Yaitu modal kerja yang jumlahnya berubah-ubah sesuai dengan perubahan keadaan
dan modal kerja ini dibedakan antara :
a) Modal kerja musiman (Seasonal Working Capital) yaitu modal kerja yang
jumlahnya berubah-ubah disebabkan karena fluktuasi musiman.
b) Modal kerja siklus (Cyclical Working Capital) yaitu modal kerja yang
jumlahnya berubah-ubah disebabkan karena fluktuasi konjugtur.
c) Modal kerja darurat (Emergency Working Capital) yaitu modal kerja yang
besarnya berubah-ubah karena adanya keadaan darurat yang tidak diketahui
sebelumnya (misalnya adanya pemogokan buruh, perubahan keadaan
ekonomi yang mendadak dan lain-lain)

2.4 SUMBER MODAL KERJA


Menurut Munawir (2001) pada umumnya sumber modal kerja suatu perusahaan dapat
berasal dari :
1. Hasil operasi perusahaan
Merupakan jumlah Net Income yang tampak dalam laporan rugi laba ditambah
dengan depresiasi dan amortisasi.
2. Keuantungan dari penjualan surat-surat berharga
Surat berharga jangka pendek yang merupakan salah satu elemen aktiva lancar yang
segera dapat dijual yang akan menimbulkan keuntungan bagi perusahaan.
3. Penjualan aktiva tetap
Sumber lain yang dapat menambahkan modal kerja adalah hasil penjualan aktiva
tetap, investasi jangka panjang dan aktiva tidak lancar lainnya yang kana diperlukan
lagi oleh perusahaan.

4. Penjualan saham dan Obligasi

4
Perusahaan dapat mengadakan emisi saham baru atau meminta kepada para pemilik
perusahaan untuk menambahkan modalnya.
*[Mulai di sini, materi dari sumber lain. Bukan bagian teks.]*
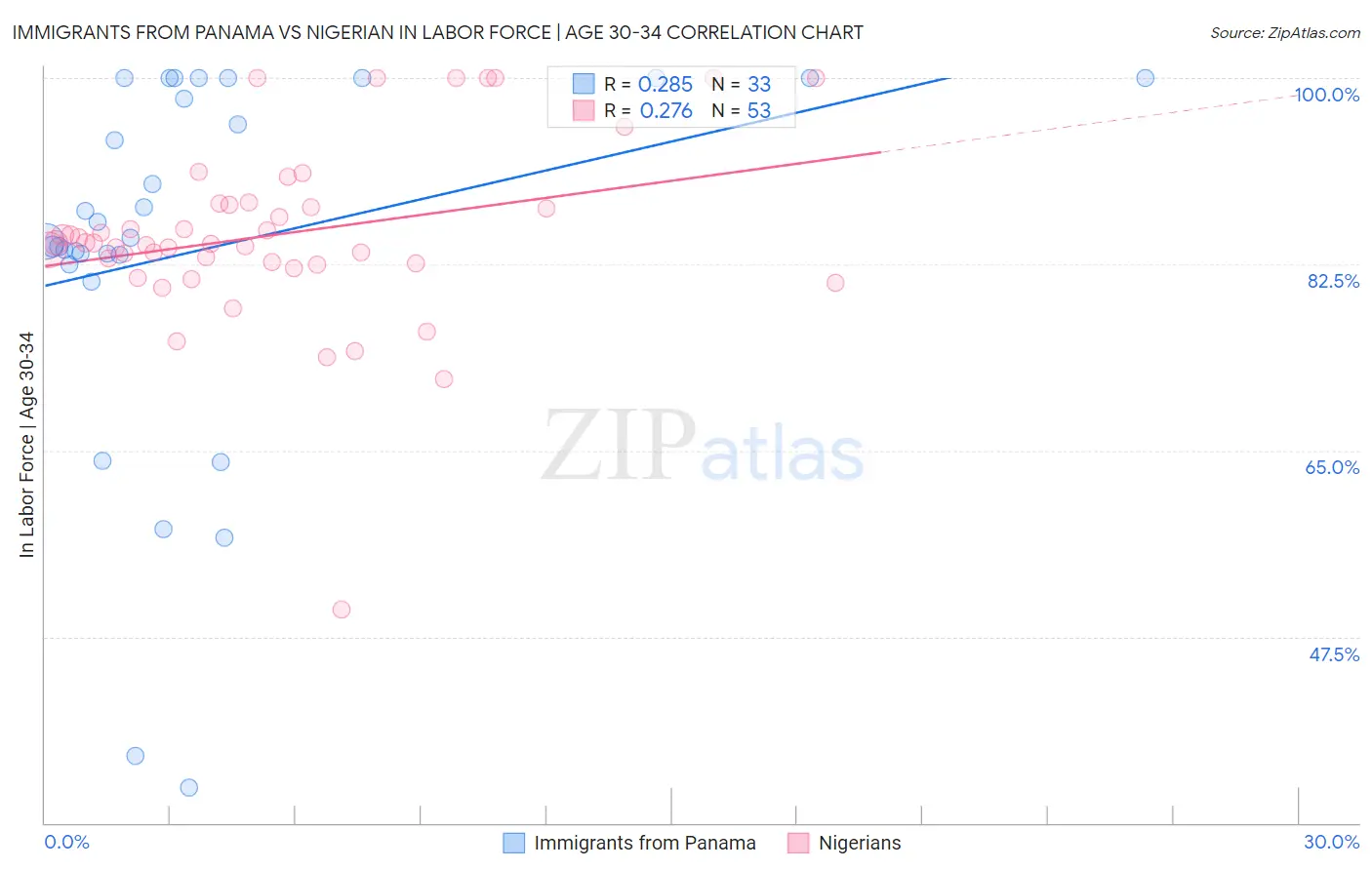 Immigrants from Panama vs Nigerian In Labor Force | Age 30-34 Correlation Chart
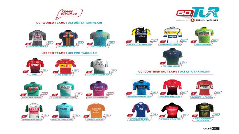 1963 yılında Marmara Turu olarak başlayan, 1965 yılında uluslararası nitelik kazanarak Cumhurbaşkanlığı himayelerine alınan, Türk bisikletinin gelişimine katkı sağlayan 60.Cumhurbaşkanlığı Türkiye Bisiklet Turu’na 12 ülkeden 3 World Tour Team, 13 Pro Team, 6 Continental Team olmak üzere 22 takım katılacak.
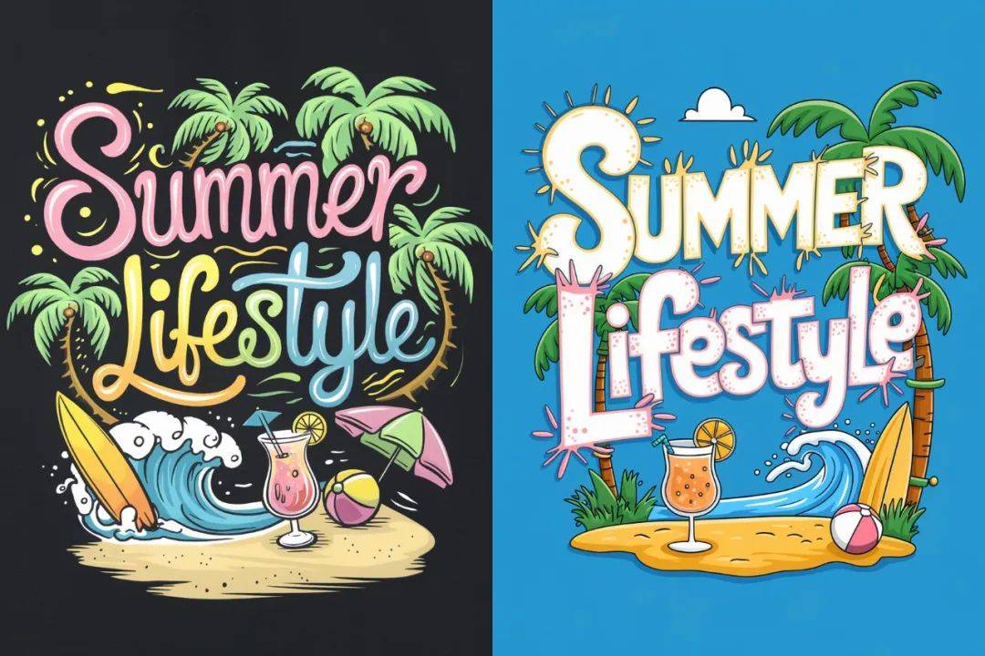 A vibrant and playful illustration of 'Summer Lifestyle' set against a dark backdrop. The whimsical, multi-colored text, featuring splashes of pink, yellow, and green, captures the essence of the season. Surrounding the words is a tropical paradise with gently swaying palm trees, a surfboard riding a wave, and a beach umbrella offering shade. A refreshing cocktail with a slice of lemon sits on the sand, complemented by a beach ball and sunny skies.
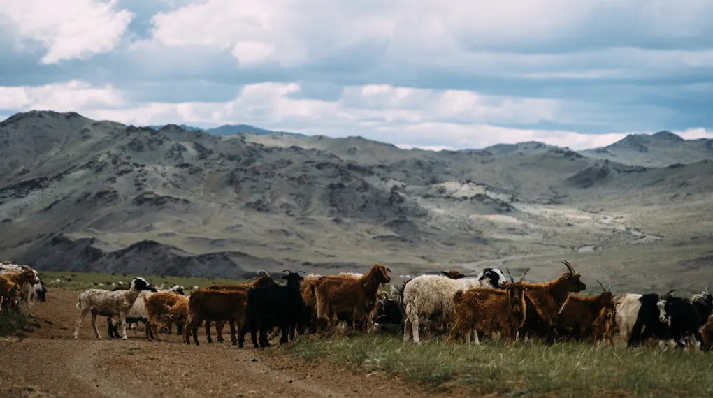 原料は、モンゴルの首都ウランバートル市から約650km離れたバヤンホンゴルの遊牧民の方から分けていただいた、希少なヤクの毛です。繊維を傷つけないように一頭ずつブラッシングして毛を採取し、糸が作られています。
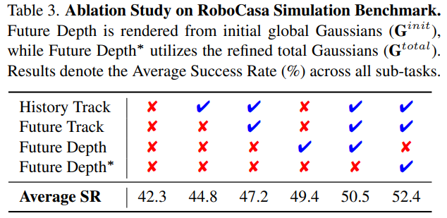 - 深度渲染监督 :通过可微分阿尔法合成从 3D 高斯模型渲染未来深度图,采用掩码 L1 损失( L d e p t h L_{depth} Ldepth)监督几何精度,仅关注工作空间内的有效区域。

Dan mengeluarkan obligasi atau bentuk
hutang jangka panjang lainnya guna memenuhi kebutuhan modal kerjanya.
Menurut Munawir (2004), penggunaan atau pemakaian modal kerja akan menyebabkan
perubahan bentuk maupun penurunan jumlah aktiva lancar yang dimiliki oleh
perusahaan. Penggunaan aktiva lancar yang mengakibatkan turunnya modal kerja yaitu:
1. Pembayaran biaya atau ongkos-ongkos operasi perusahaan maliputi pembayaran
upah, pembelian bahan atau barang dagangan, dan pembayaran biaya-biaya lainnya.
2. Kerugian-kerugian yang diderita oleh perusahaan karena adanya penjualan surat
berharga atau efek serta kerugian yang lainnya.
3. Adanya pembentukan dana atau pemisah aktiva lancar untuk tujuan-tujuan tertentu
dalam jangka panjang misalnya dana pelunasan obligasi, dana pensiunan pegawai,
ekspansi dan dana-dana lainnya.
4. Adanya pembelian atau penambahan aktiva tetap dan investasi jangka panjang.
5. Pembayaran hutang jangka panjang meliputi hipotik, hutang obligasi dan hutang
jangka panjang lainnya.
6. Pengambilan uang barang dan dagangan oleh pemilik untuk kepentingan pribadi
atau pengambilan keuntungan pada perusahaan perorangan dan persekutuan atau
pembayaran dividen dalam perseroan terbatas.

2.5 SIKLUS KONVERSI KAS


Wiyono dan Kusuma (2017), Siklus konversi kas adalah jangka waktu sejak bahan
baku dibeli sehinngga menjadi persediaan barang yang dijual menjadi piutang usaha
dari penjualan barang sampai dengan tertagih menjadi kas kembali.

A. PERPUTARAN KAS
Menurut Riyanto (2004), kas merupakan aktiva paling likuid atau merupakan salah
satu unsur modal kerja yang paling tinggi likuiditasnya yang berarti bahwa
semakin besar jumlah kas yang dimiliki suatu perusahaan akan semakin tinggi
pula tingkat likuiditasnya. Ini berarti bahwa perusahaan mempunyai risiko
yang lebih kecil untuk tidak dapat memenuhi kewajiban finansialnya. Tetapi ini
tidak berarti bahwa perusahaan harus mempertahankan persediaan kas yang
sangat besar, karena semakin besar kas akan menyebabkan banyaknya uang
menganggur sehingga akan memperkecil keuntungan. Tetapi suatu perusahaan
yang hanya mengejar keuntungan tanpa memperhatikan likuiditasnya, maka
perusahaan tersebut akan dalam keadaan likuid jika sewaktu-waktu ada tagihan.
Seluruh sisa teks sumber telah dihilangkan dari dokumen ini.